Für mich hätte es damals viel abgekürzt, wenn ich solche Informationen gehabt hätte, denn gerade auf Ämter ist es immer noch ein Sonderfall, wenn Frauen mit Kind gründen. Es gibt dazu beispielsweise keinerlei Infobroschüren. Das ist eine echte Informations-Lücke!

1: Konzentration auf seine Kernkompetenz: Aufgaben, die man nicht beherrscht beziehungsweise einem nicht liegen wie etwa rechtliches oder Steuersachen sollte man von Anfang an auslagern.

2: Fokus auf Umsatzsteigerung: Man sollte sich gleich zu Anfang fragen: Wo kann ich mein Kapital rausziehen und wie kann ich mich finanzieren?

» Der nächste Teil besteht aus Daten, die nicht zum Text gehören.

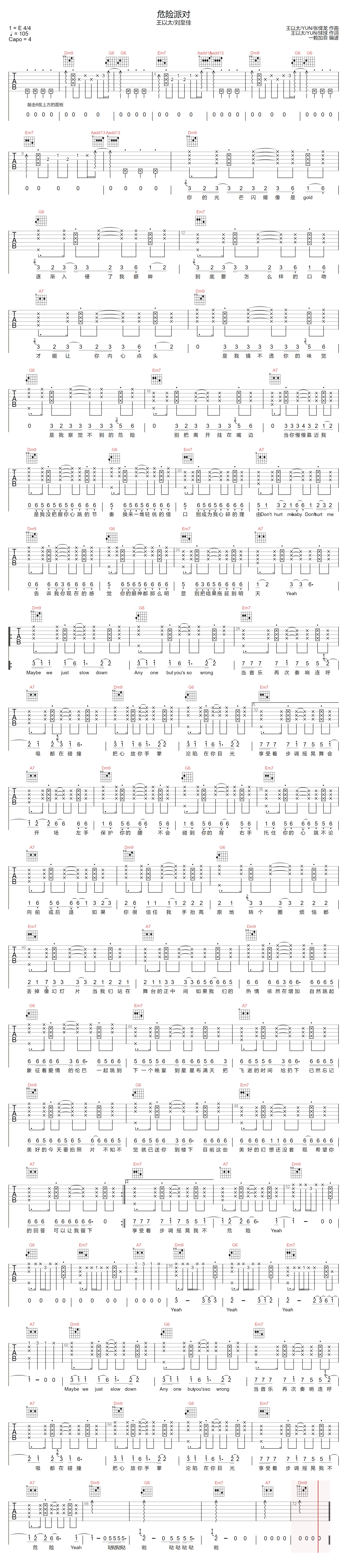 当前位置:琴谱网>吉他弹唱>危险派对
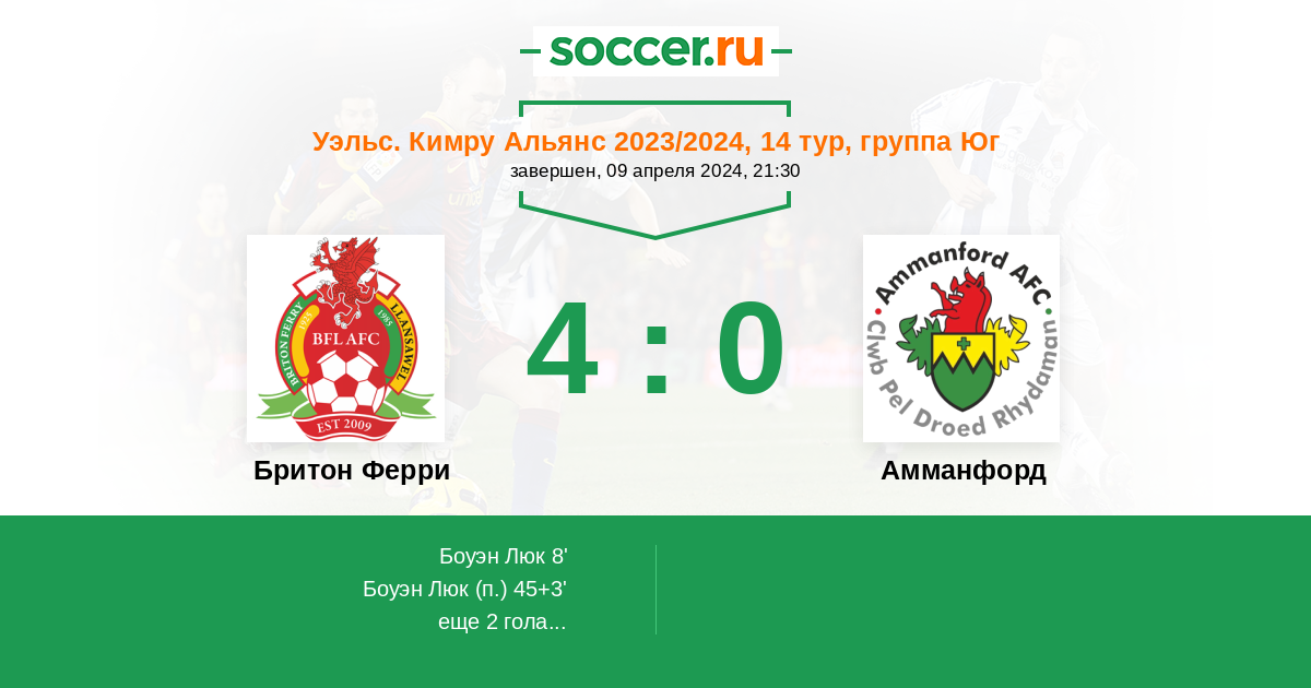 Бритон Ферри - Амманфорд: обзор матча 9 апреля 2024
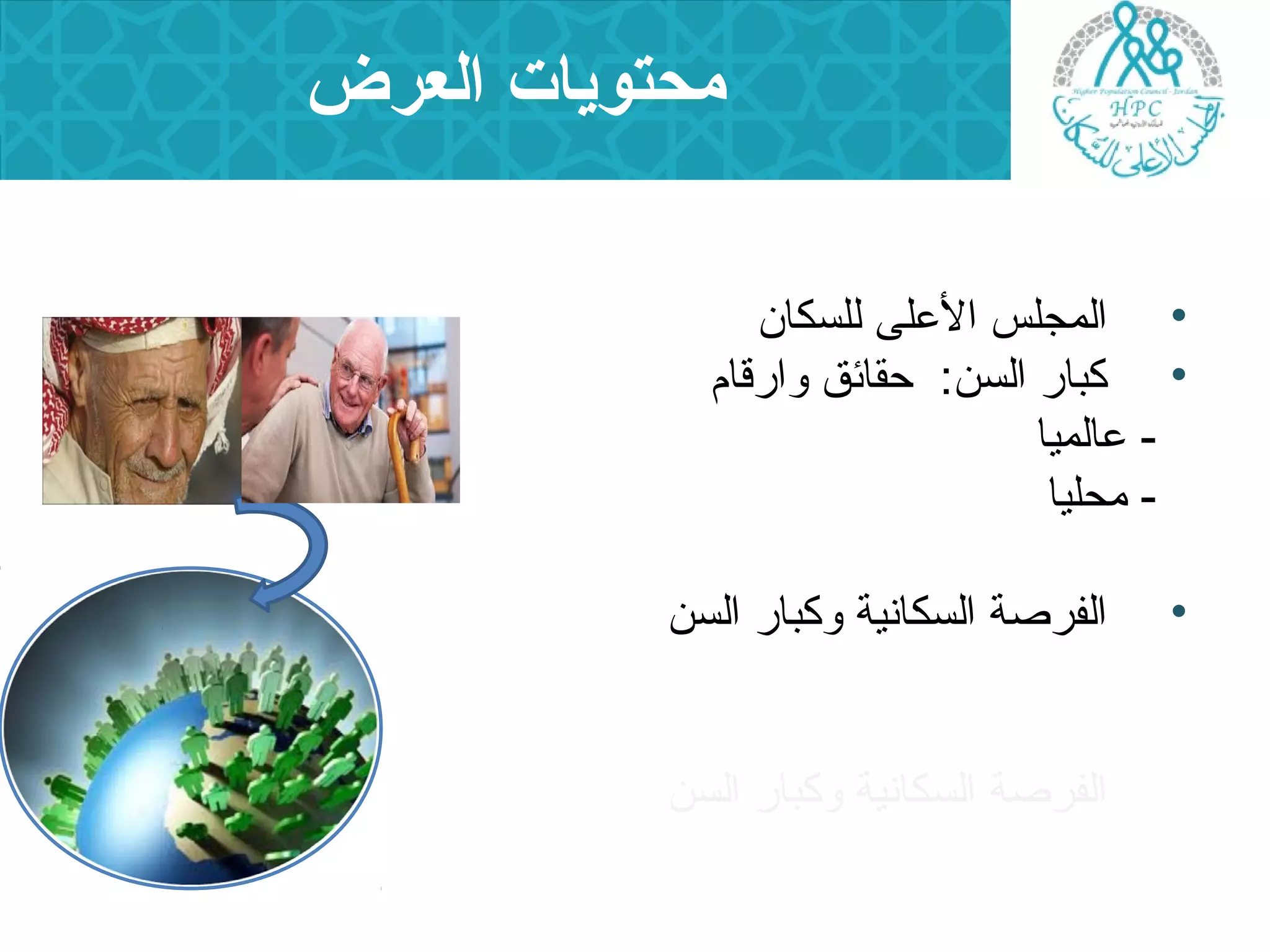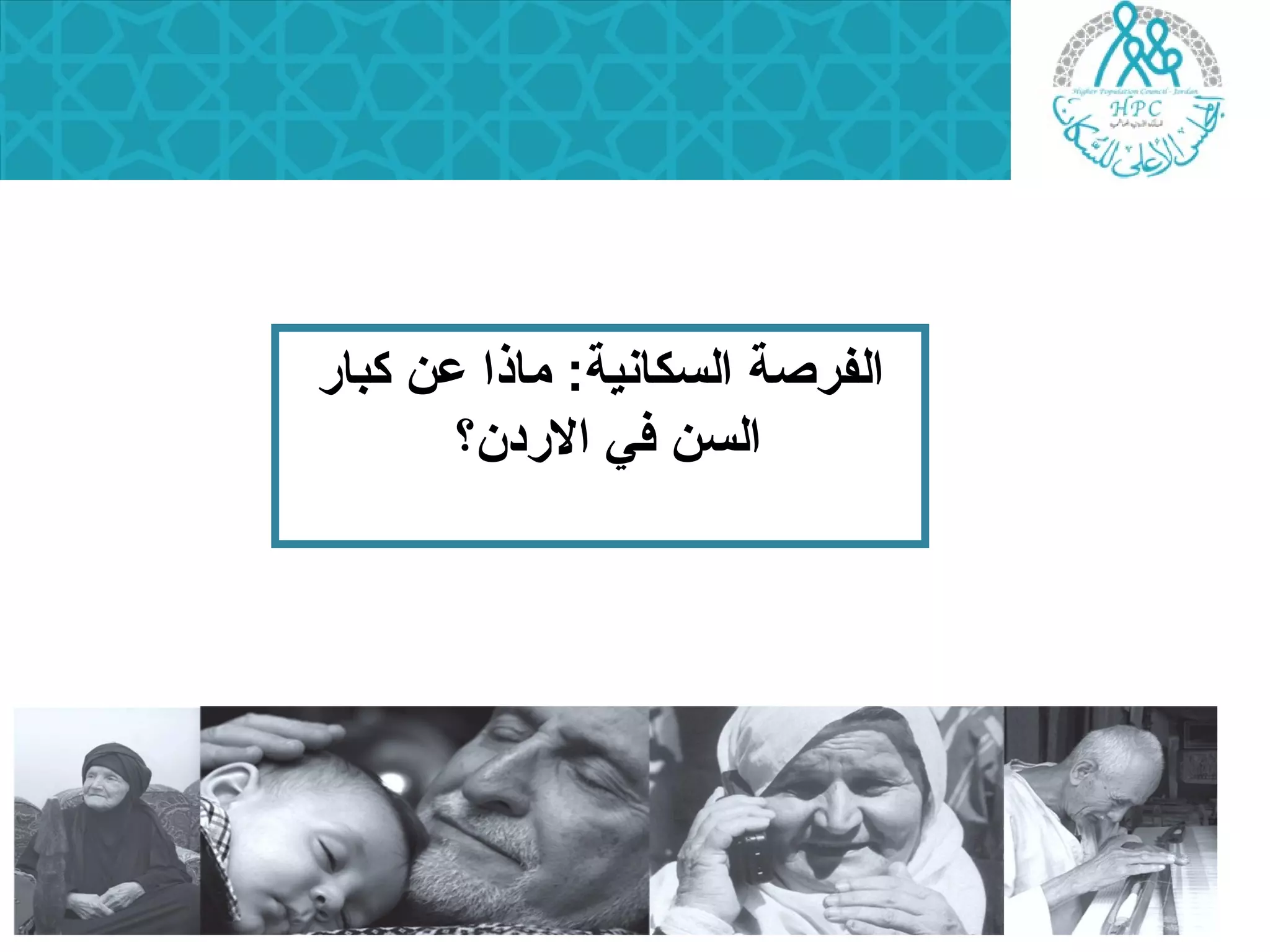 تستعرض الوثيقة بيانات حول كبار السن في الأردن وعالمياً، حيث يُتوقع أن يصل عددهم إلى مليار بحلول عام 2025. تشير إلى التحديات المرتبطة بالصحة والمعاشات لكبار السن وتوضح السياسات المتبعة في الأردن للحماية الاجتماعية. تعرض معلومات حول التحولات الديموغرافية والأثر المتوقع على المجتمع والاقتصاد.
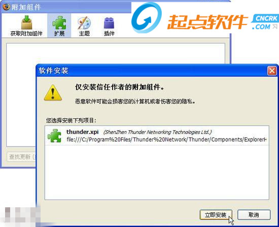 在另外一电脑上安装迅雷5.8.14.706版(下载地址:Thunder5.8.14.706.exe">http://down.sandai.net/Thunder5.8.14.706.exe),然后把C:Program FilesThunder NetworkThunderComponentsExplorerHelper文件夹复制到安装有迅雷5.9的安装文件夹下,如C:Program FilesThunder NetworkThunderComponents下(原来并没有ExplorerHelper文件夹)。之后试着在Firefox中选择“工具”→“附加组件”命令,再单击“扩展”标签,然后将C:Program FilesThunder NetworkThunderComponentsExplorerHelper hunder.xpi拖放到“附加组件”的“扩展”窗口,之后像安装正常的扩展一样安装之,最后重新启动Firefox。
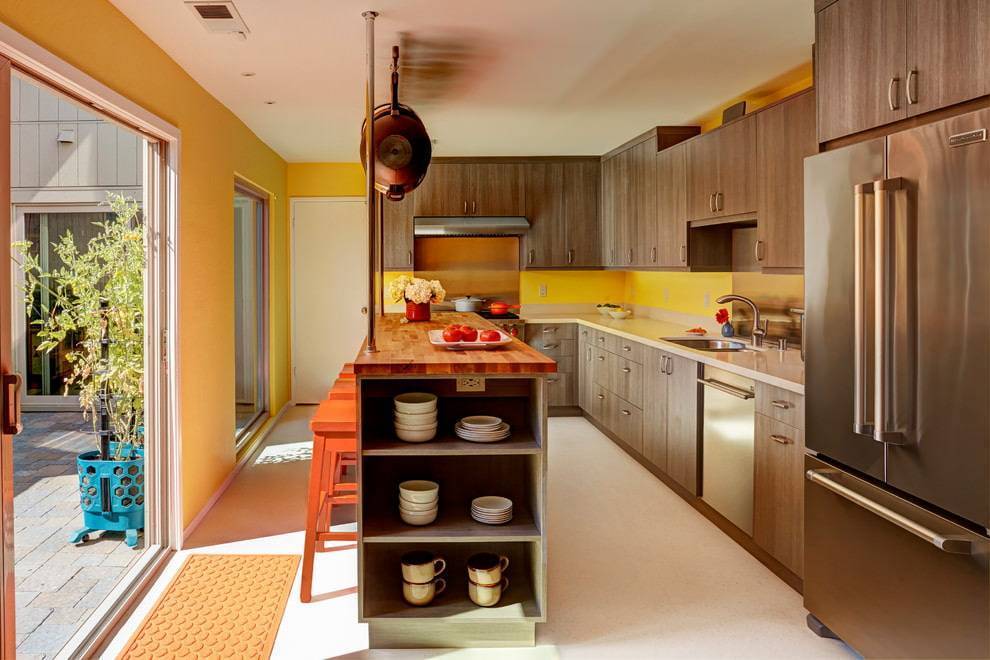 Желтые и оранжевые оттенки сочетаются со светло-коричневым цветом. Они принесут тепло, невероятный уют в жилище.
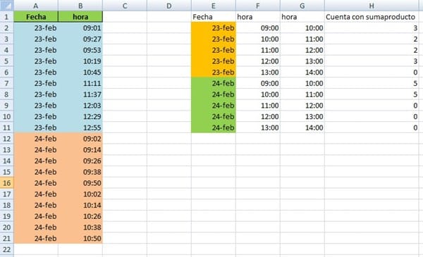 =SUMAPRODUCTO(($A$2:$A$21=E2)*($B$2:$B$21>=F2)*($B$2:$B$21<G2))
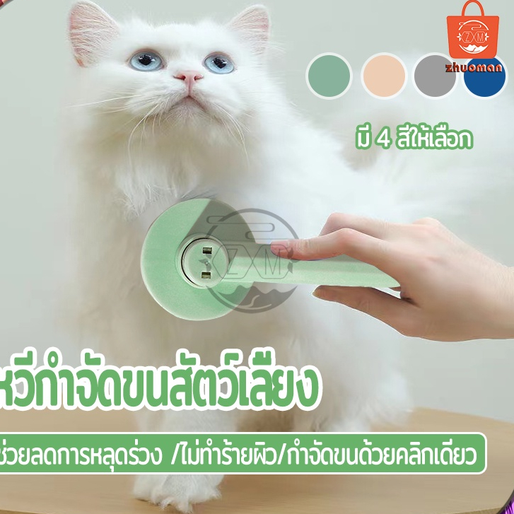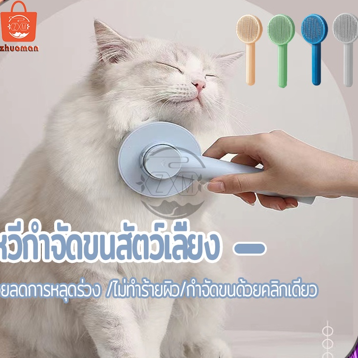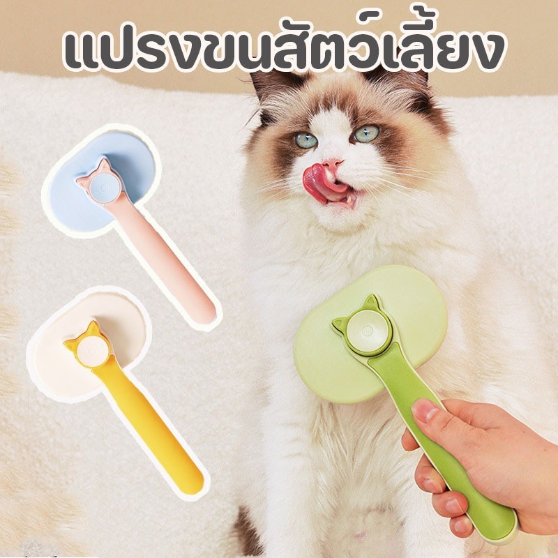 หวีกำจัดขน กรูมมิ่งสัตว์เลี้ยง ลอยแมวผม แปรงขนสัตว์เลี้ยง มีปุ่มกดเพื่อดันขนออก แมว ทำความสะอาดง่าย
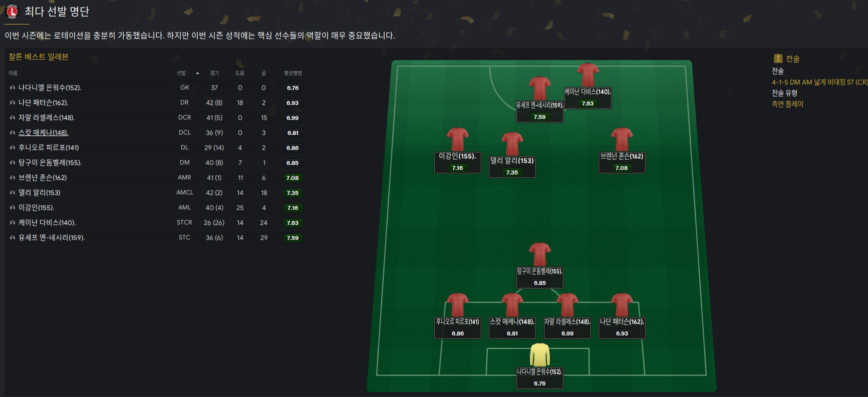물론 약한 포지션은 영입이 필요. DR, AMR/L .. 양현준이 너무 안큰다. 이강인을 영입 준비 중이다.
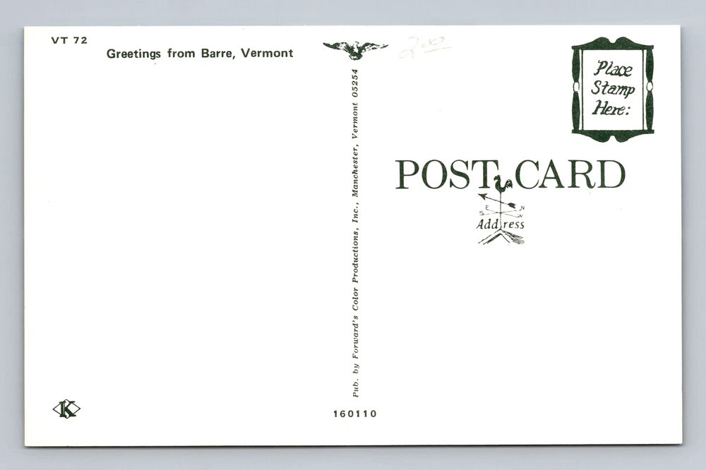 City: Barre Postage Condition: Unposted Material: Paper Region: Vermont Unit of Sale: Single Unit Size: Standard (5.5 x 3.5 in) Country/Region of Manufacture: Unknown Theme: Cities & Towns Country: USA Subject: Cities & Towns Type: Printed (Lithograph) Era: Vintage Original/Licensed Reprint: Original
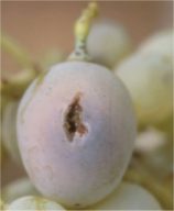 Daños en la vid. En los granos de uva, las puestas de huevo dejan un punto necrótico rodeado de un halo blanquecino característico. Las larvas y adultos se alimentan en la superficie foliar de las bayas, ocasionando manchas plateadas que evolucionan a color marrón. Estos daños proliferan en zonas de contacto entre granos o entre el grano y las hojas. Con el engrosamiento de las uvas, las heridas pueden agrietarse, facilitando la entrada de patógenos de podredumbre ácida y botrytis cinerea.
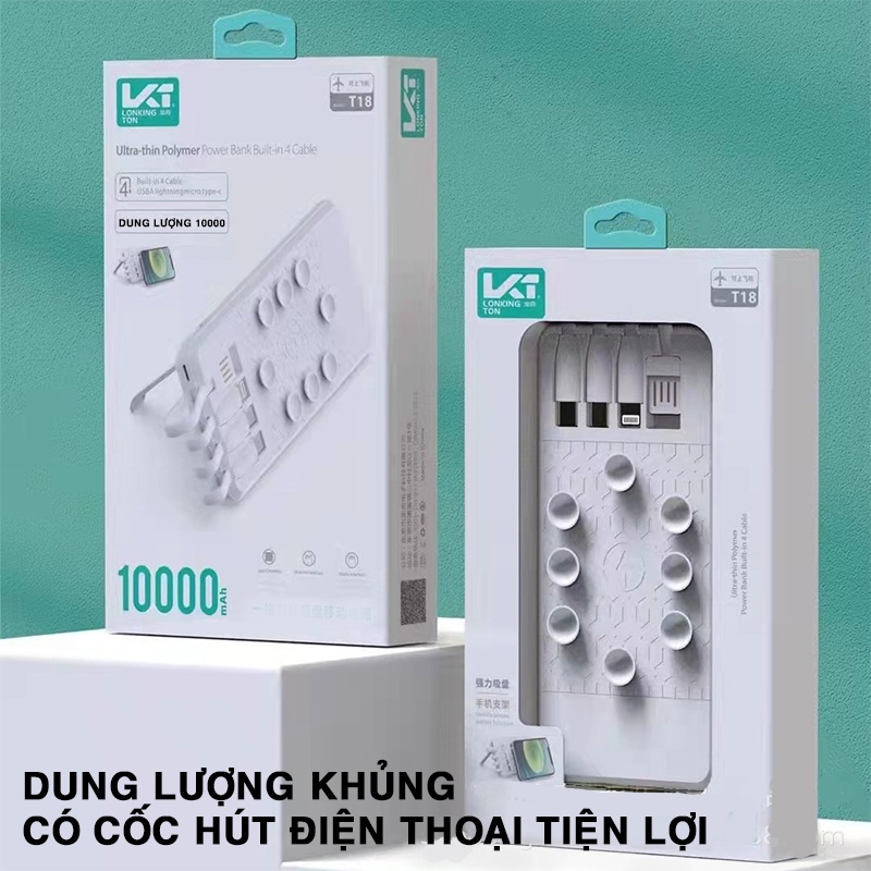 Điện Thoại & Phụ Kiện > Phụ kiện > Sạc dự phòng & Pin > Sạc dự phòng || [ HOT] Sạc dự phòng Cát Thái T-18 có cốc hút, giá đỡ tiện lợi công suất 10000 mAh, sạc nhanh, không sinh nhiệt an toànCòn hàng
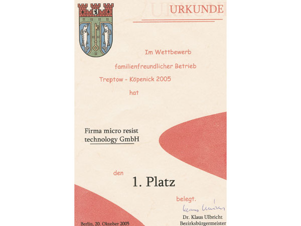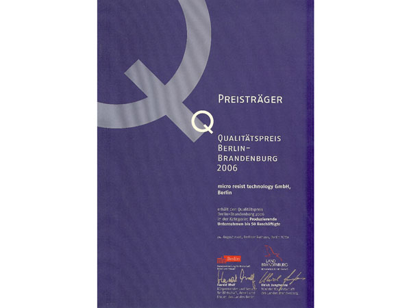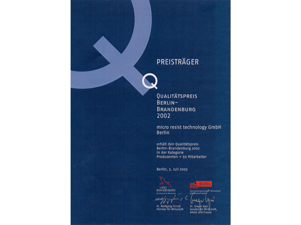 Seit der Firmengründung fertigen wir am Standort Berlin als mittelständisches Chemieunternehmen spezialisierte Materialien für die globalen Hochtechnologiemärkte, in denen Prozesse wie die UV-, Laser-, Röntgen- und Elektronenstrahllithographie, die Nanoimprint-Lithographie sowie assoziierte Strukturierungstechnologien zum Einsatz kommen. In einem kontinuierlichen Innovationsprozess erweitern wir unser Produktportfolio und erarbeiten zudem kundenspezifische Lösungen in höchster Qualität. Wir sind seit 1997 nach DIN EN ISO 9001 (Qualitätsmanagementsystem) und seit 2011 nach DIN EN ISO 14001 (Umweltmanagementsystem) zertifiziert.
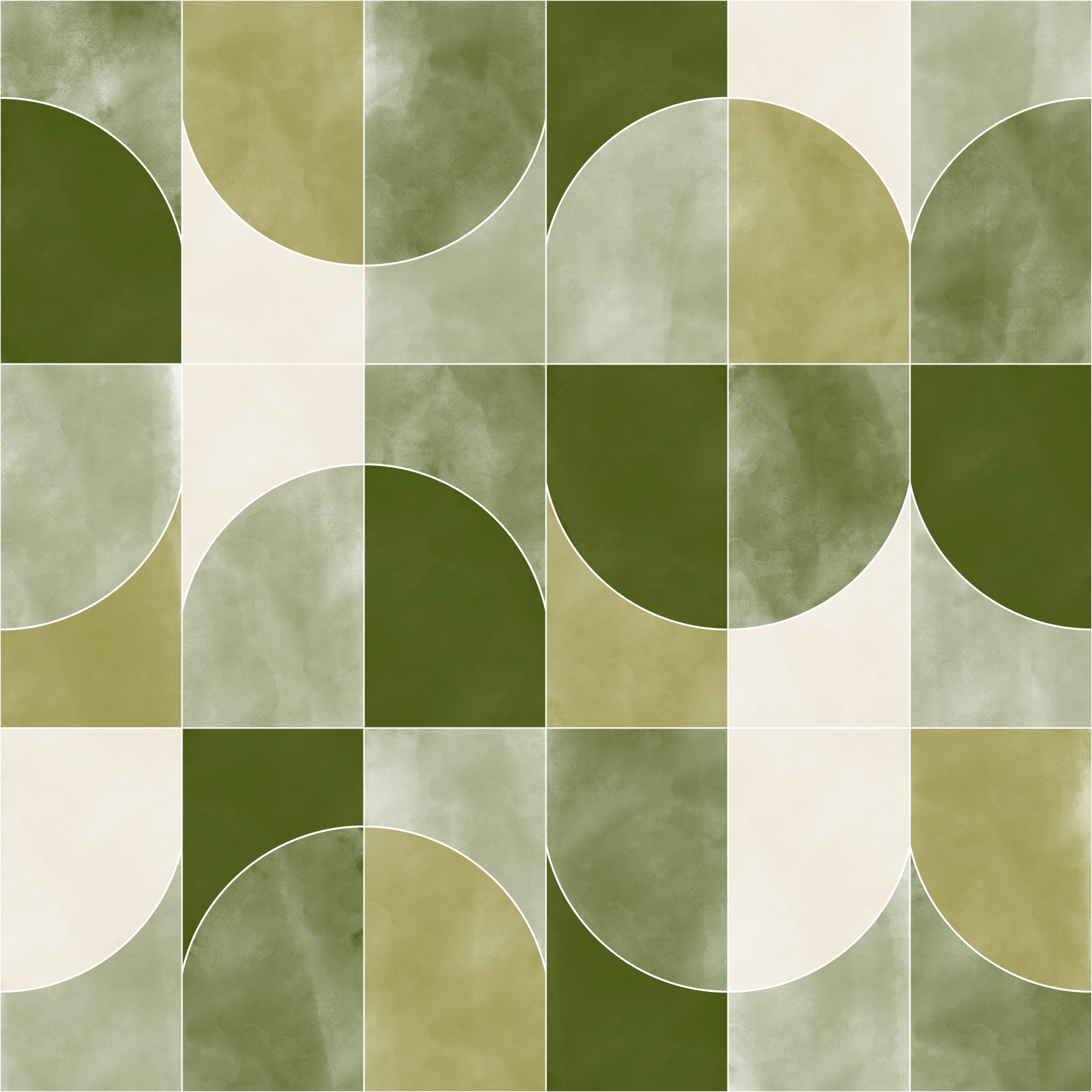 Immerse yourself in the tranquil embrace of COLOR WASHED GEO TILES MUSKY a wallpaper that marries geometric precision with the soft, diffused beauty of watercolor textures. This design features a captivating arrangement of squares and semi-circles, creating a modern tile effect that's both visually stimulating and subtly grounding. The palette revolves around muted greens and earthy creams, lending a 'musky' depth and sophisticated warmth to any space. Each tile showcases a delicate color wash, imparting an organic, hand-painted feel that softens the sharp lines of the geometry. Perfect for creating a serene and stylish atmosphere, this wallpaper evokes a sense of calm sophistication, bringing a touch of refined elegance to your walls. Elevate your interiors with this unique blend of artistry and contemporary design.

3: Strukturierte Organisation: Mir hilft es beispielsweise meine Tage und Wochen in Mind-Maps einzuteilen und dann Schritt für Schritt die vorgeplanten Aufgaben und Deadlines abzuarbeiten. So verliert man sich nicht in Gedanken. Gleichzeitig ist es natürlich auch wichtig sich Zeiträume zu schaffen in denen man es sich erlaubt abzudriften.

4: Durchhaltevermögen: Besonders zu Anfang braucht man einen langen Atem

5: An sich selbst glauben: Gerade im Design ist es wichtig an seine Entwürfe zu glauben und selbstbewusst dahinterzustehen. Nur so kann man sie überzeugend nach außen tragen und verkaufen.

6. Vernetzen: Auch der Austausch und die gegenseitige Unterstützung mit anderen Designerinnen sind essentiell. Ich fahre beispielsweise mit dem Frauennetzwerk Women in Furniture Ende März auf die Maison & Objet Paris.